* _EXERCISE DETAILS_:
In the listing below, find the line containing "上午,郑永康同学首先介绍了信阳的历史文化、风土人情以及生态文明建设等方面。" and the line containing "A Blusa com", then copy exactly everything from the first through the second, except the pictures.

* _DATA EXCERPTS_:
+-------+
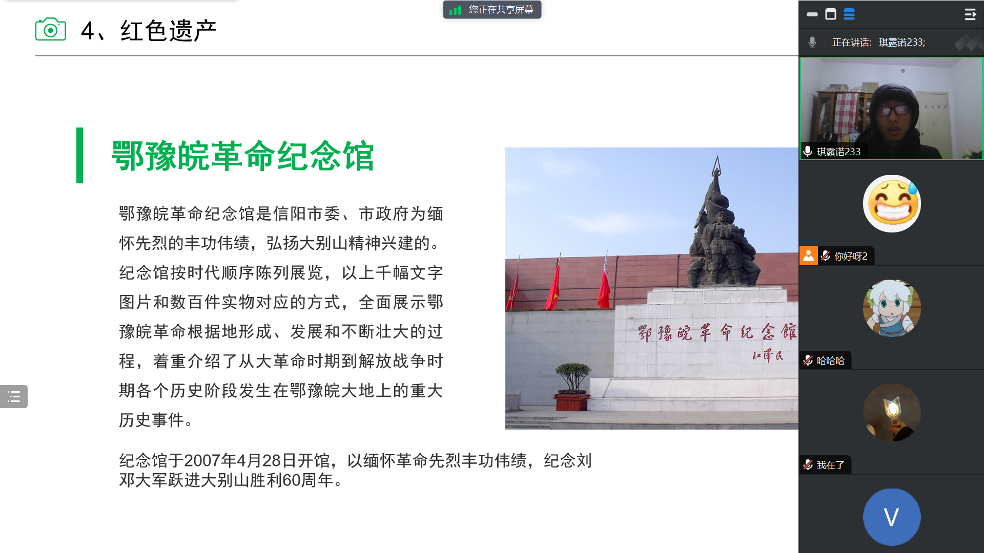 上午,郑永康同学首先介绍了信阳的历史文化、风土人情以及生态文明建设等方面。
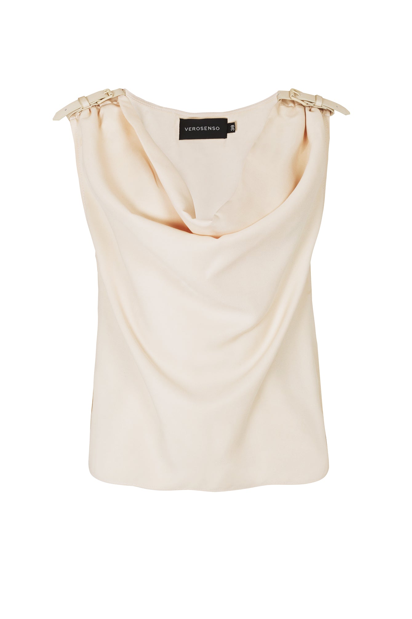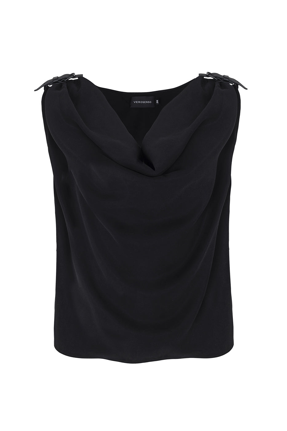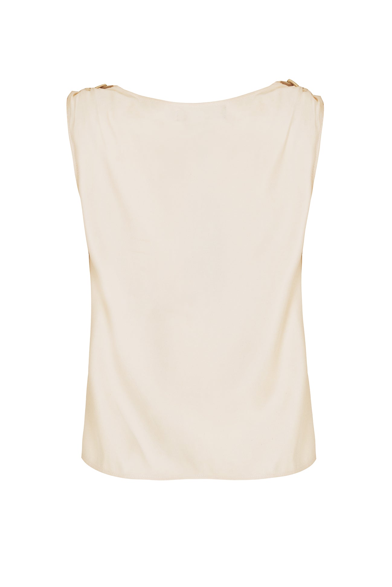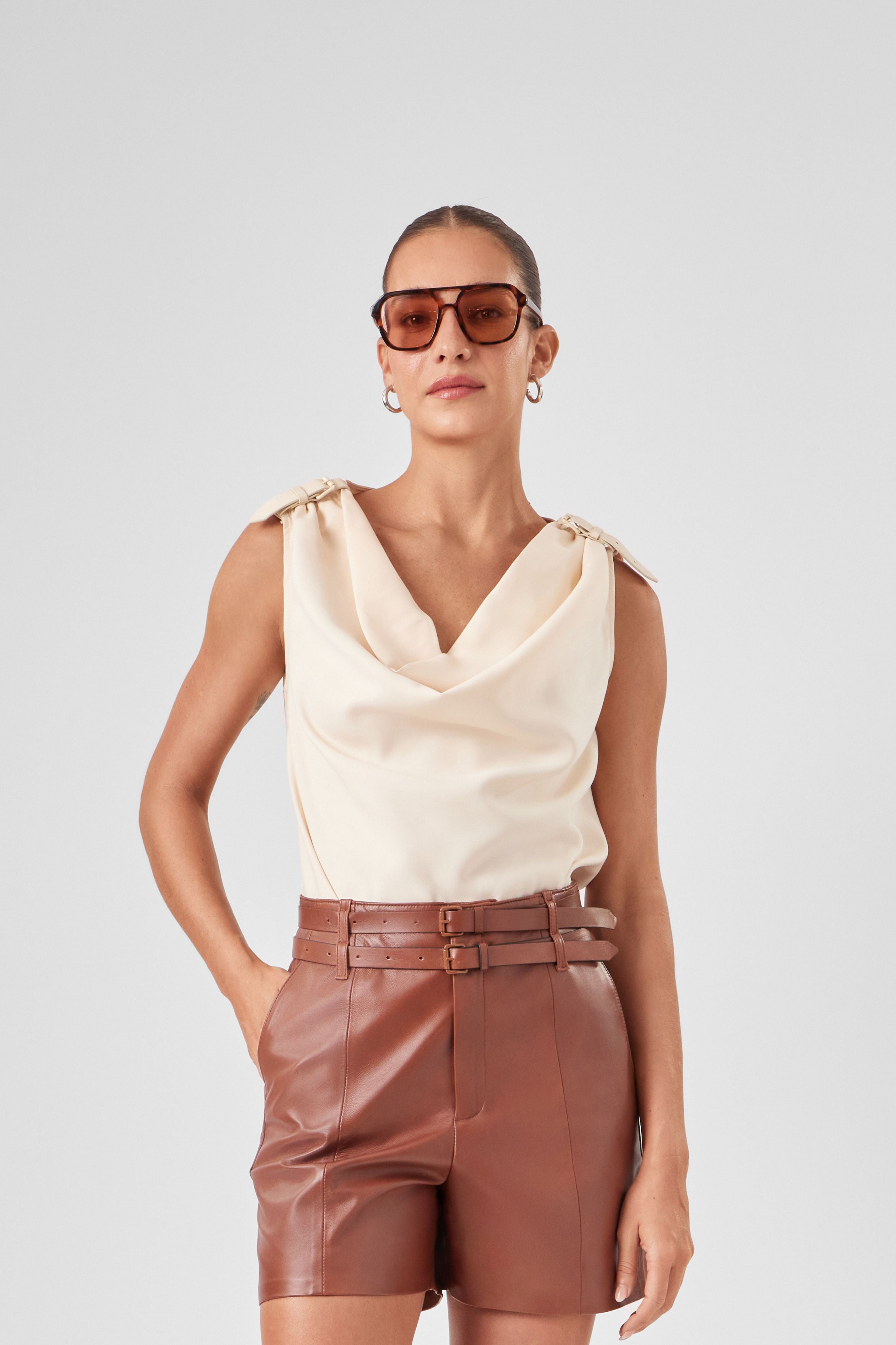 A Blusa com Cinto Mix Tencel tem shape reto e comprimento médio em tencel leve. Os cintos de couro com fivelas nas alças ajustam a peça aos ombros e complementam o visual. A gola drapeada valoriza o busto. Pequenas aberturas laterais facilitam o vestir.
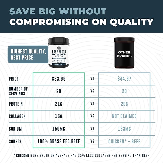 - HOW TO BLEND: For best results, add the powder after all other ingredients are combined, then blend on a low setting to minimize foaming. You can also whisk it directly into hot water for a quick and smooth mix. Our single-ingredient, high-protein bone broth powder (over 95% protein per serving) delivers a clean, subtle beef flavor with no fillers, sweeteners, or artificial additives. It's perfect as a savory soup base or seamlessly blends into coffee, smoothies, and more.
+-------+
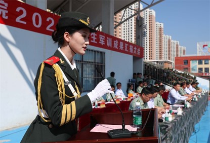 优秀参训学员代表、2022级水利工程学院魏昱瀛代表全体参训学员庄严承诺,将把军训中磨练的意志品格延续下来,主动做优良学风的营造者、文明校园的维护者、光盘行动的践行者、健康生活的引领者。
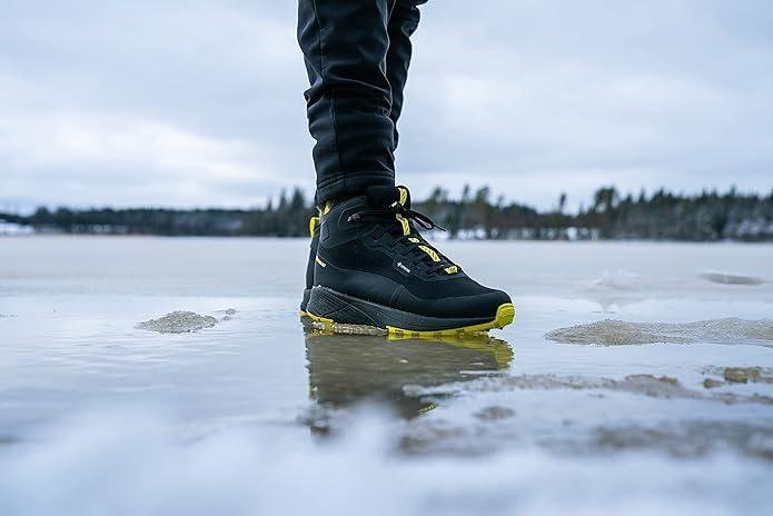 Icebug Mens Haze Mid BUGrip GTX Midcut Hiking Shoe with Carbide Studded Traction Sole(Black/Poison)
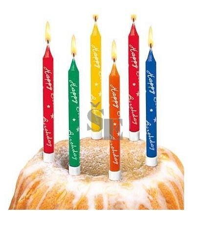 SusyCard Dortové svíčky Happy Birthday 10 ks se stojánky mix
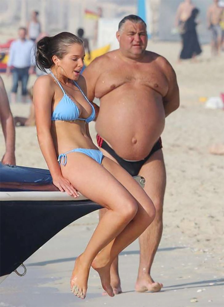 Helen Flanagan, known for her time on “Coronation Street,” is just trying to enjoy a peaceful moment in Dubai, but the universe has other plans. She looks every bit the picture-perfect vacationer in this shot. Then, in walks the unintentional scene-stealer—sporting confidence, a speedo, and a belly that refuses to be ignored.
+-------+
* _ANSWER TO THE EXERCISE_:
 上午,郑永康同学首先介绍了信阳的历史文化、风土人情以及生态文明建设等方面。
 A Blusa com Cinto Mix Tencel tem shape reto e comprimento médio em tencel leve. Os cintos de couro com fivelas nas alças ajustam a peça aos ombros e complementam o visual. A gola drapeada valoriza o busto. Pequenas aberturas laterais facilitam o vestir.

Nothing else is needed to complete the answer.